What this task involves >> Transcribe the following records exactly, images excluded.

Data to process >>
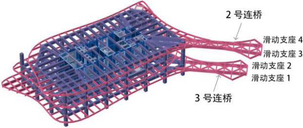4)当连接体承载力较小时,可根据极限荷载分析结果确定支座和阻尼器参数,减小连接体内力,并进行整体建模分析验证,确保连接体和主体结构安全可靠。
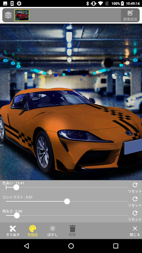 自分の車の写真を撮って、ロゴやステッカー画像を重ねることで、画面上でカーラッピングを楽しめます。
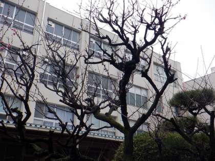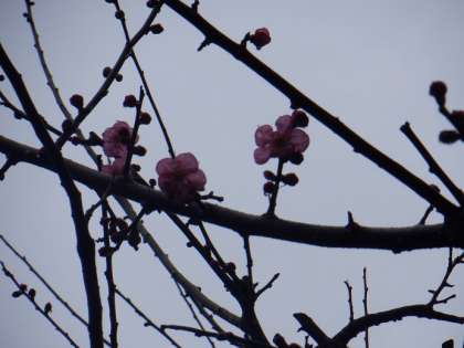 今日は少しあったかいです。体育館前の梅の花が少しひらいています。
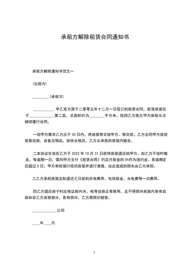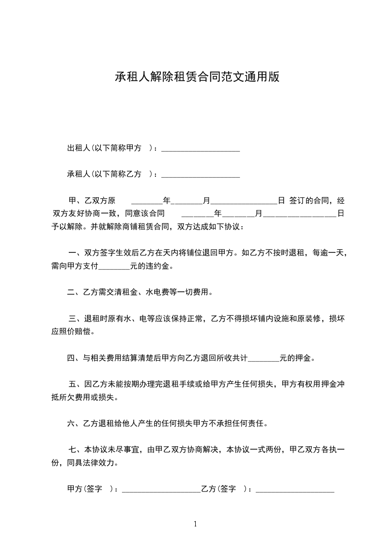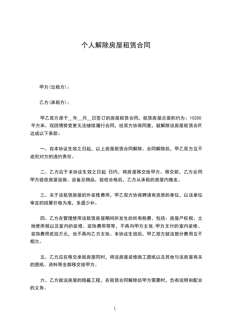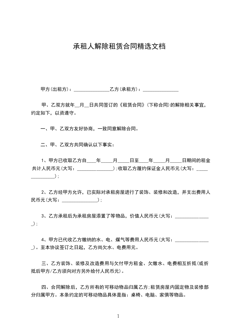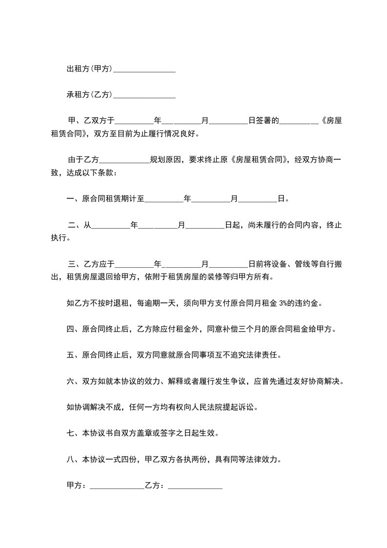 甲、乙双方就_____年_____月_____日共同签订的《租赁合同》(下称合同)的解除相关事宜,约定如下,以资遵守。
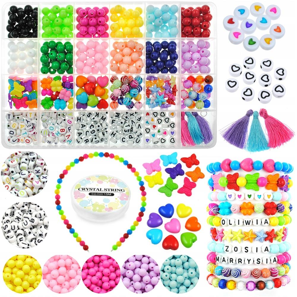 Zestaw do robienia bransoletek z koralików szklanych mix kolorów 10 zawieszek 125x65mm

Solution to the exercise >>
4)当连接体承载力较小时,可根据极限荷载分析结果确定支座和阻尼器参数,减小连接体内力,并进行整体建模分析验证,确保连接体和主体结构安全可靠。
 自分の車の写真を撮って、ロゴやステッカー画像を重ねることで、画面上でカーラッピングを楽しめます。
 今日は少しあったかいです。体育館前の梅の花が少しひらいています。
 甲、乙双方就_____年_____月_____日共同签订的《租赁合同》(下称合同)的解除相关事宜,约定如下,以资遵守。
 Zestaw do robienia bransoletek z koralików szklanych mix kolorów 10 zawieszek 125x65mm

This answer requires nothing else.